__ABOUT THIS TASK__:
The required answer is the run of lines from the one holding "Jetez un œil" to the end of the data below, copied exactly and free of pictures.

__DATA BLOCK__:
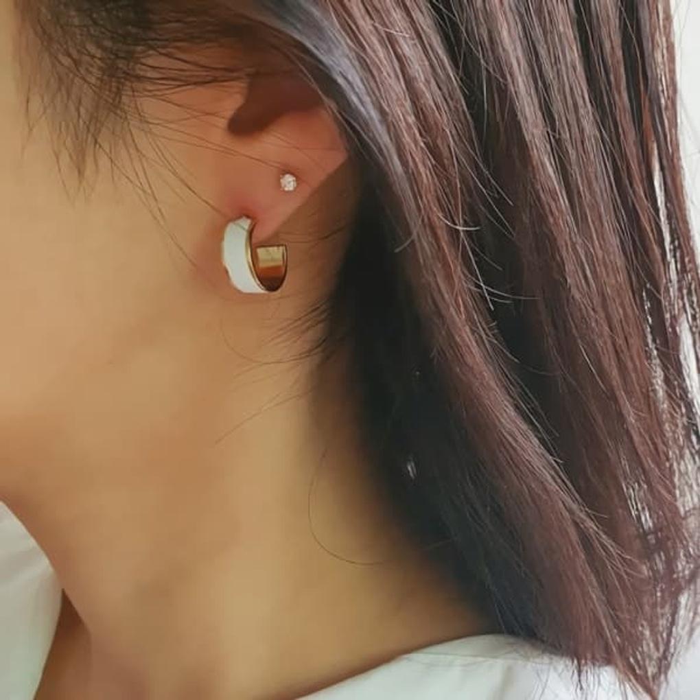 Women's Daily Epoch Mini Ring Titanium Needle Earrings
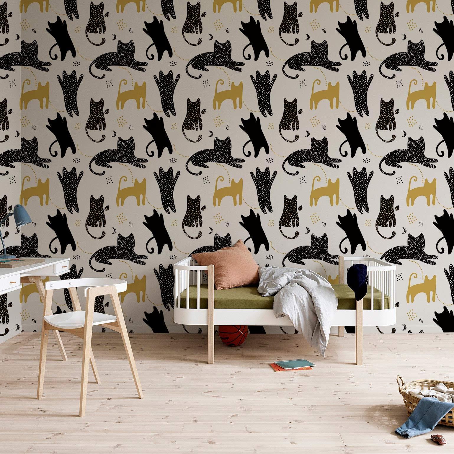 Jetez un œil à ces peintures murales de papier peint mignons. Ces adorables chats répétés dans la murale de mur de motif noir, gris foncé et brun garantissent de voler votre cœur. Ever Wallpaper idéal qui convient à toutes vos chambres ou chambres pour enfants / crèches. Placez cette murale murale de chat à vous ou à la chambre de vos enfants et profitez du bonheur et de la joie qu'il vous apporte.
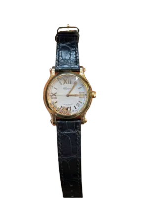 Chopard, model: 274808-5008, classic happy diamond (seven diamonds) series, automatic mechanical women's watch, diameter 36mm, the whole watch 18K rose gold, blue jewel mirror between 7 will be active super flash diamonds, Chopin's most popular。

__EXERCISE RESPONSE__:
 Jetez un œil à ces peintures murales de papier peint mignons. Ces adorables chats répétés dans la murale de mur de motif noir, gris foncé et brun garantissent de voler votre cœur. Ever Wallpaper idéal qui convient à toutes vos chambres ou chambres pour enfants / crèches. Placez cette murale murale de chat à vous ou à la chambre de vos enfants et profitez du bonheur et de la joie qu'il vous apporte.
 Chopard, model: 274808-5008, classic happy diamond (seven diamonds) series, automatic mechanical women's watch, diameter 36mm, the whole watch 18K rose gold, blue jewel mirror between 7 will be active super flash diamonds, Chopin's most popular。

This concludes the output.